(Dataset content)

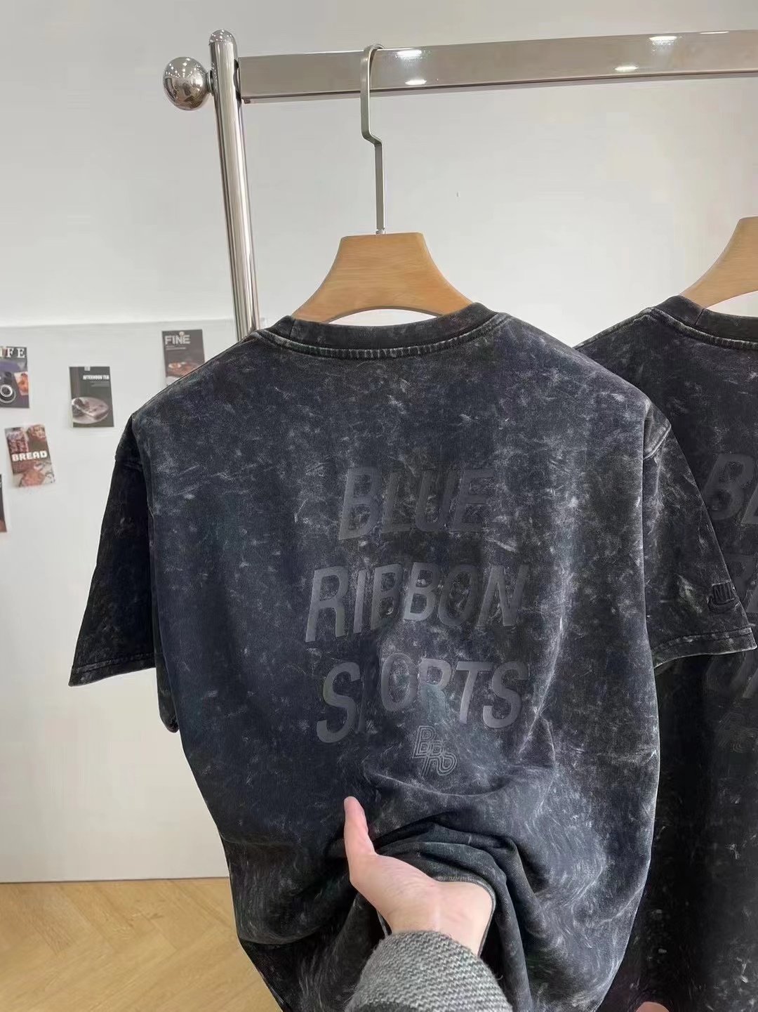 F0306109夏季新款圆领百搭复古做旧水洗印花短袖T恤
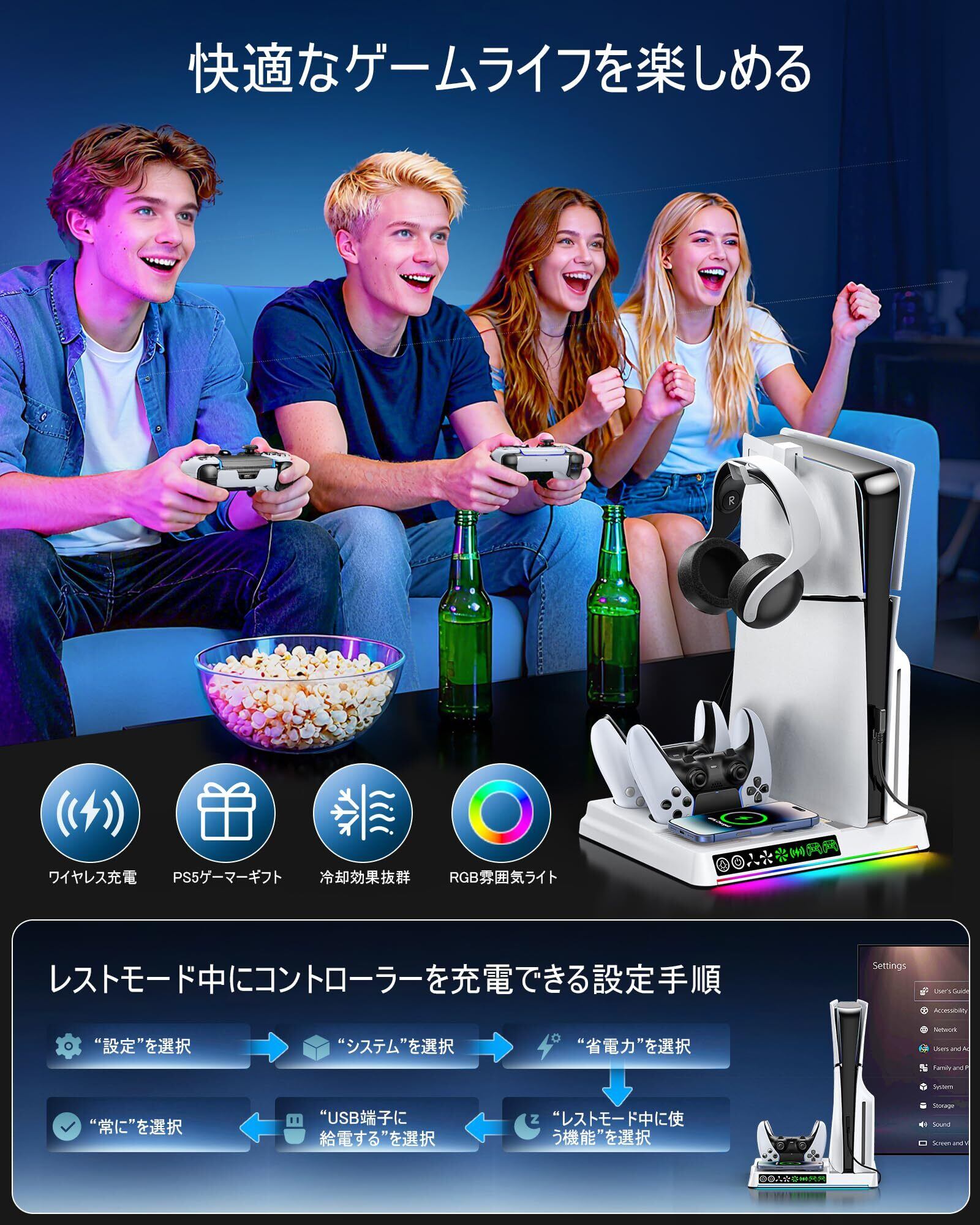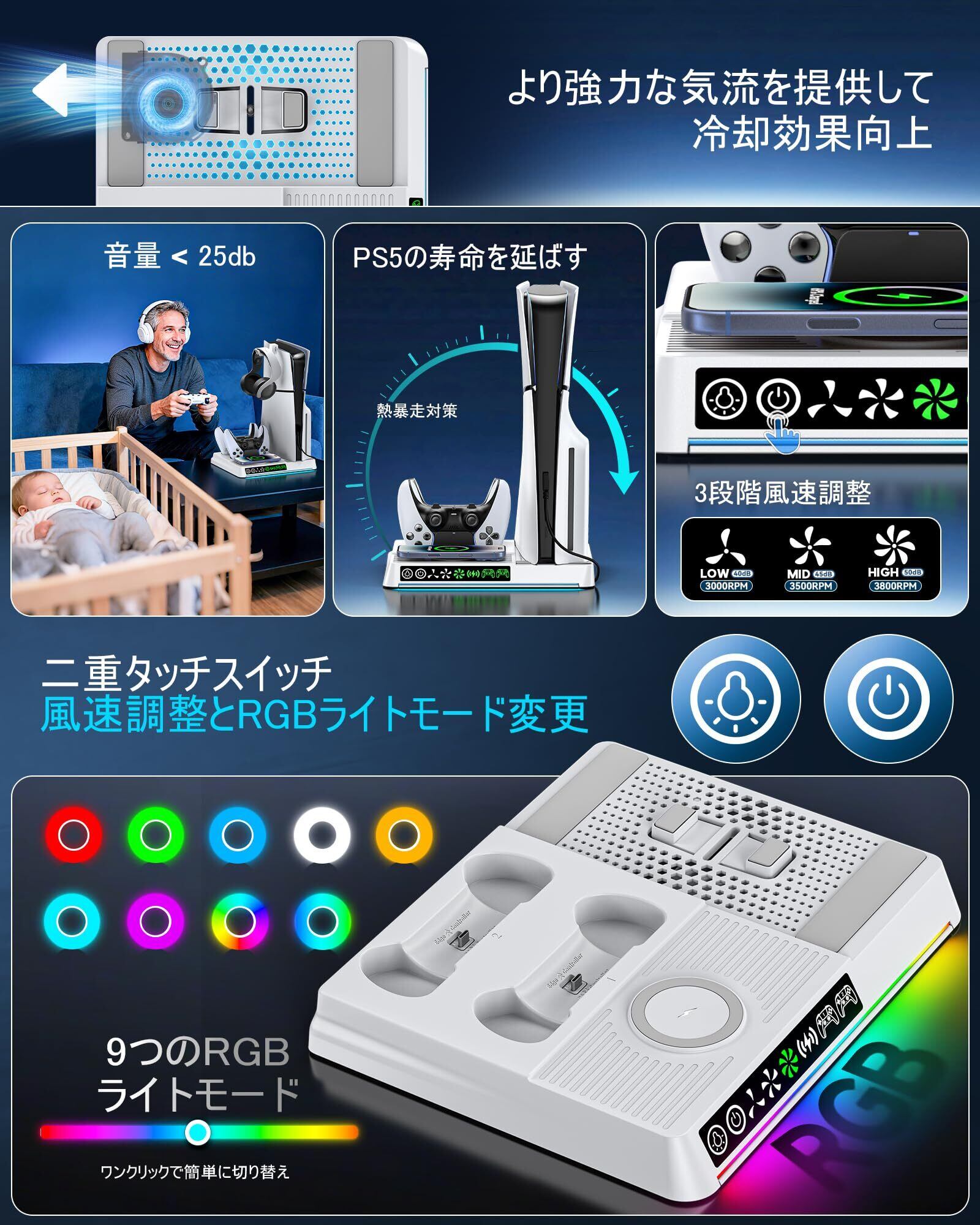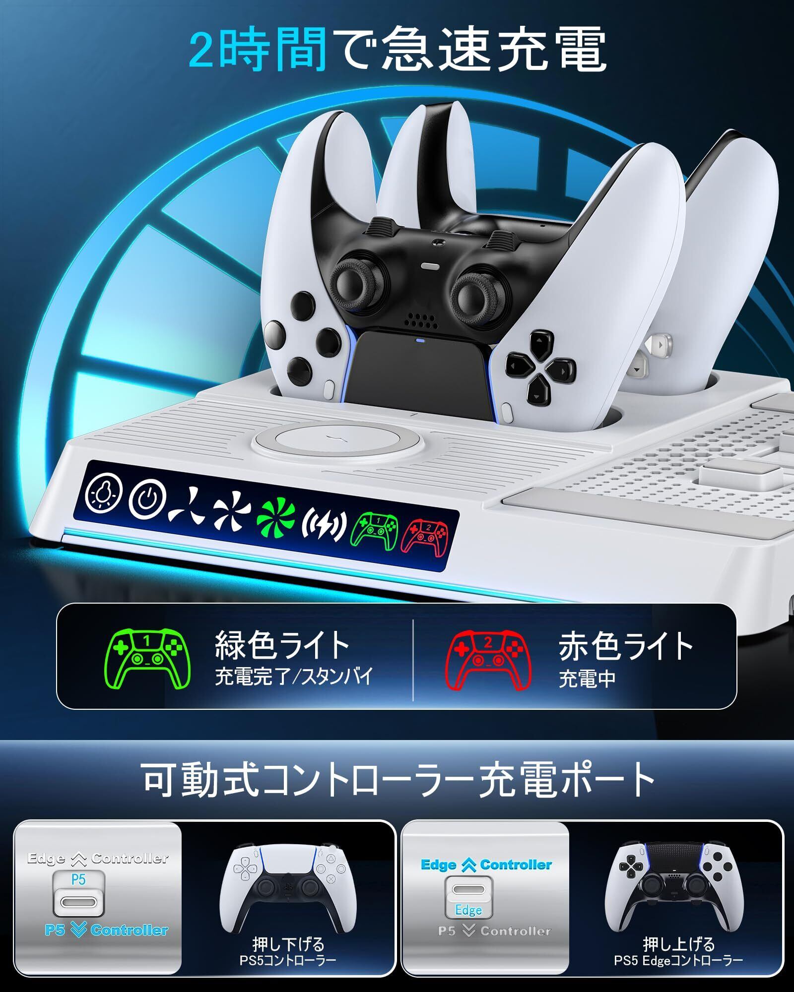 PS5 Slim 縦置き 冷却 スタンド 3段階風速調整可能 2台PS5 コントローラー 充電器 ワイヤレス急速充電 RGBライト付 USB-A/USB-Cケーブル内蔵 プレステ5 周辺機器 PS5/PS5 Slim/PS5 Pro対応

(End Dataset content)
(Dataset content)

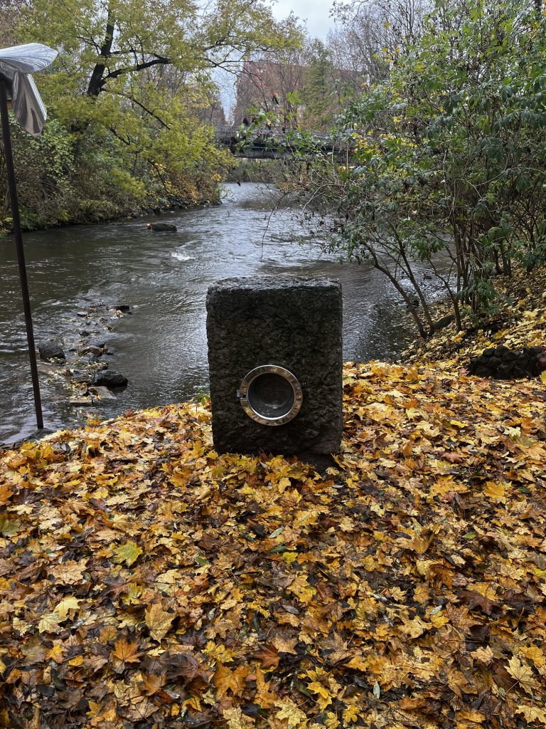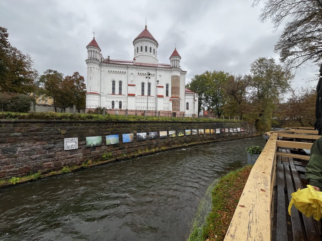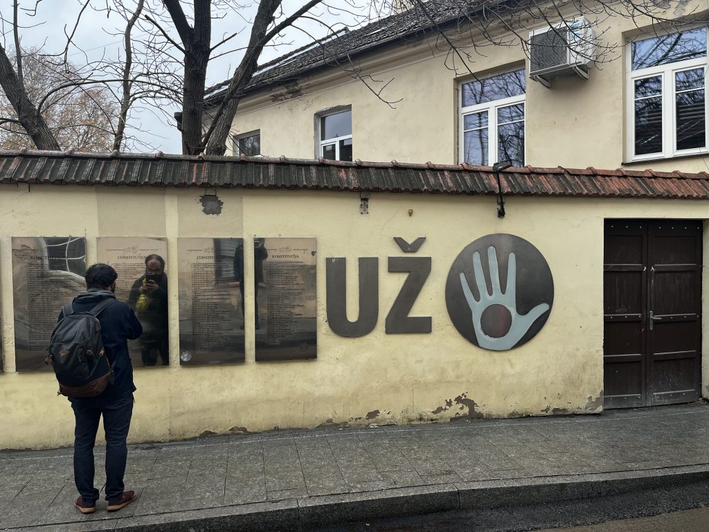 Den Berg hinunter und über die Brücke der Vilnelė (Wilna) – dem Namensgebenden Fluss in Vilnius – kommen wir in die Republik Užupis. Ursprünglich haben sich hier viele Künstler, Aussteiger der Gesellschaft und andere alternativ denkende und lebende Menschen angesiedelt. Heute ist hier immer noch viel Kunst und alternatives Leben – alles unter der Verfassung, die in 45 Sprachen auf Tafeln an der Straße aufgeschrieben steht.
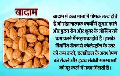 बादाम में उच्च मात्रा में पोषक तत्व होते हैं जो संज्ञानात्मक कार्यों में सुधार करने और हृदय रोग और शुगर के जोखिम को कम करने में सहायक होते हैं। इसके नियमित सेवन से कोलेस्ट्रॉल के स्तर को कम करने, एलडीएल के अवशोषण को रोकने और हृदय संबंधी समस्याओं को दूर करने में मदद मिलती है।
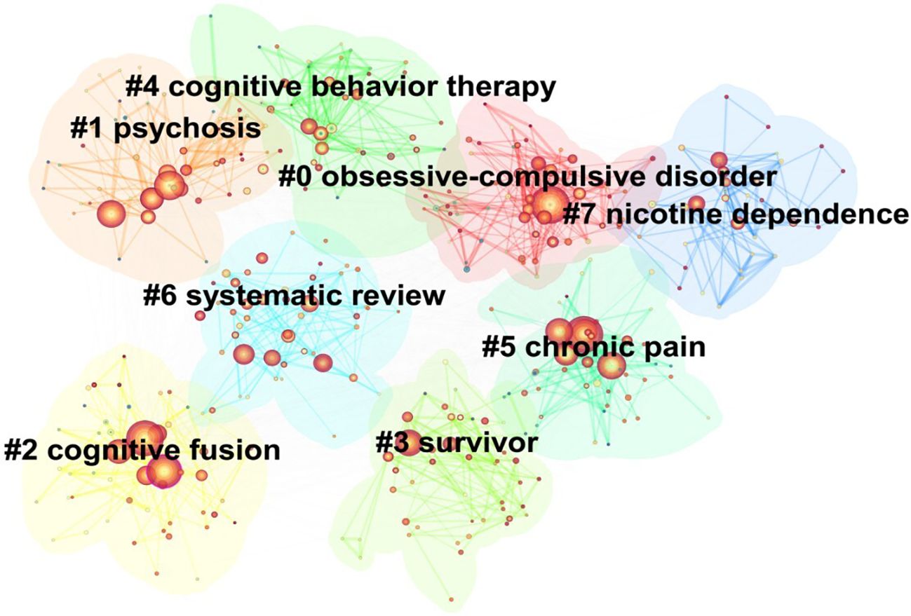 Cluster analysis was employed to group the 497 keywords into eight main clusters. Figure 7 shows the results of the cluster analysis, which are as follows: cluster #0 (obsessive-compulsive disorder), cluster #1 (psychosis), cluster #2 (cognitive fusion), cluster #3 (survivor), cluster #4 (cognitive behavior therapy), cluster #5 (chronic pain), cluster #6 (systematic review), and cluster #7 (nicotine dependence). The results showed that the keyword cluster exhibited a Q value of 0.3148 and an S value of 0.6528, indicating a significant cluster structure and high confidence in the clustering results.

(End Dataset content)

## Task prompt:
Word for word, restate the lines above from the one with "F0306109夏季新款圆领百搭复古做旧水洗印花短袖T恤" through the one with "PS5 Slim 縦置き", keeping both ends and dropping the pictures.

## Written solution:
 F0306109夏季新款圆领百搭复古做旧水洗印花短袖T恤
 PS5 Slim 縦置き 冷却 スタンド 3段階風速調整可能 2台PS5 コントローラー 充電器 ワイヤレス急速充電 RGBライト付 USB-A/USB-Cケーブル内蔵 プレステ5 周辺機器 PS5/PS5 Slim/PS5 Pro対応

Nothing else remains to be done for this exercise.